Similarly, section 9-207(2)(e) of the Uniform Commercial Code, which was intended to codify the preexisting case law, see id.; official comment to Section 9-207, provides that, unless otherwise agreed, a secured party *401 may repledge collateral in its possession "upon terms which do not impair the debtor's right to redeem it."[8] Therefore, under the U.C.C., unless the parties agree otherwise, a secured party is free to repledge collateral so long as it can be returned to the pledgor upon satisfaction of the underlying debt.

Because Section 9-207(2) applies only in the absence of contrary agreement, the contractual prohibition on "encumbrance" of the Securities takes the parties out of the scope of this provision. To the extent Section 9-207(2)(e) does apply, however, the short sales would have been permissible even if they encumbered the shares, so long as defendants could have returned the Securities upon repayment of the loan.

Plaintiff cites no authority which directly supports the contention that the short sales violated the contractual prohibition on "encumbrance" of the Securities. In this regard, the pivotal distinction from the rehypothecation cases plaintiff cites is that defendants did nothing to grant or otherwise create a security interest in the Securities themselves. While the Securities were, in a sense, by virtue of being the equity in the brokerage account at the time, collateral for the short sale orders, they were not the required collateral for such orders; any equivalent security or sufficiently valuable equity would have sufficed. Thus, the only way Schreiber could prevail on this motion would be to demonstrate that, had the loan been repaid in full, defendants could not, under any circumstances, have garnered sufficient assets, from within the account or otherwise, to satisfy the Regulation T requirements and return the Securities to Schreiber. See FED.R.CIV.P. 56(c) (summary judgment warranted where there is "no genuine issue as to any material fact"). Since Schreiber has failed to produce such evidence, its motion for partial summary judgment must be denied.

SO ORDERED.

NOTES

[1] The individual defendants are principals of one or both of the corporate defendants. The Court will refer to "defendants" collectively in this Memorandum and Order, although certain specific acts may have been performed only by certain defendants.

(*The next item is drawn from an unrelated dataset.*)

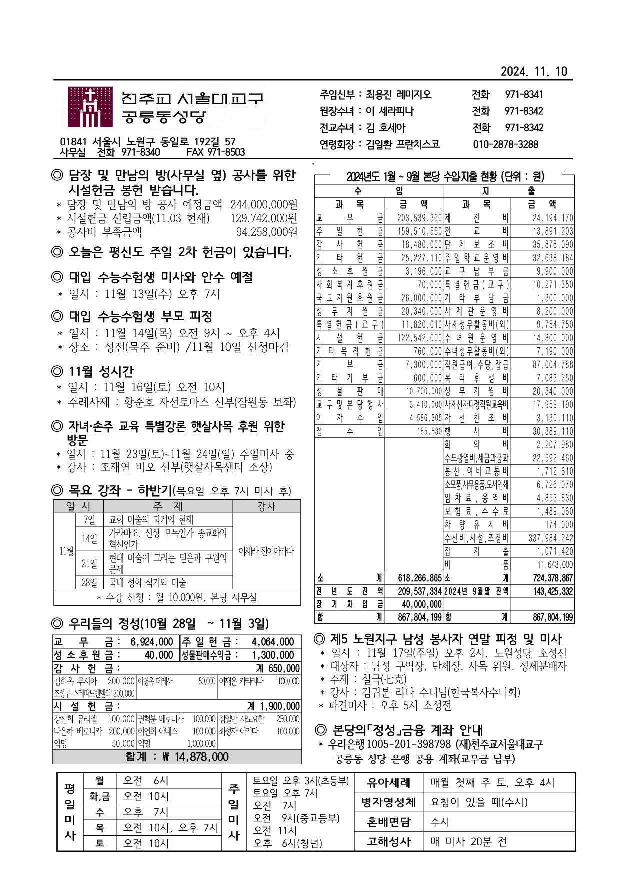 2024 (나해) 연중 제32주일(평신도주일) 주보 및 본당 공지사항

[2] Section 220.18(c) of Federal Reserve Board Regulation T, adopted pursuant to section 7 of the Securities Exchange Act of 1934, 15 U.S.C. § 78g, and codified at 12 C.F.R. Part 220, establishes this 150% margin requirement. At the time of the events in question, this regulation was codified at 12 C.F.R. § 220.19(c).

[3] At the time of the events in question, this regulation was codified at 12 C.F.R. § 220.5(b)(2).

[4] According to NASDAQ quotes provided by defendants, the Securities closed at $6.25 per share, or $1,875,000, on January 4, 1995, when they were pledged.

[5] Schreiber actually contends in its Memorandum of Law that 272,000 of the ADR's were sold short against the box. However, at numerous other places it contends that 252,000 of the ADR's were sold short. The records of defendants' account support the latter version. See Schreiber's Supplemental Rule 3(g) Statement, at Exh. A.

[6] As stated above, on March 29, 1995, the Securities closed at $4.25 per share, or $1,275,000.

[7] Defendants contend, in fact, that the market price of these securities was low enough in January, 1995 (the time of Schreiber's alleged default) that, had Schreiber repaid the loan in full at that time, Keystone would have had sufficient equity in the account to purchase identical replacement securities to cover the short sales. Keystone Defendants' Response to Plaintiff's Supplemental Statement Pursuant to Local Rule 3(g). While the parties dispute whether such a strategy would have allowed defendants timely to return the Securities to Schreiber, it is not necessary to this discussion that defendants could have used this mechanism.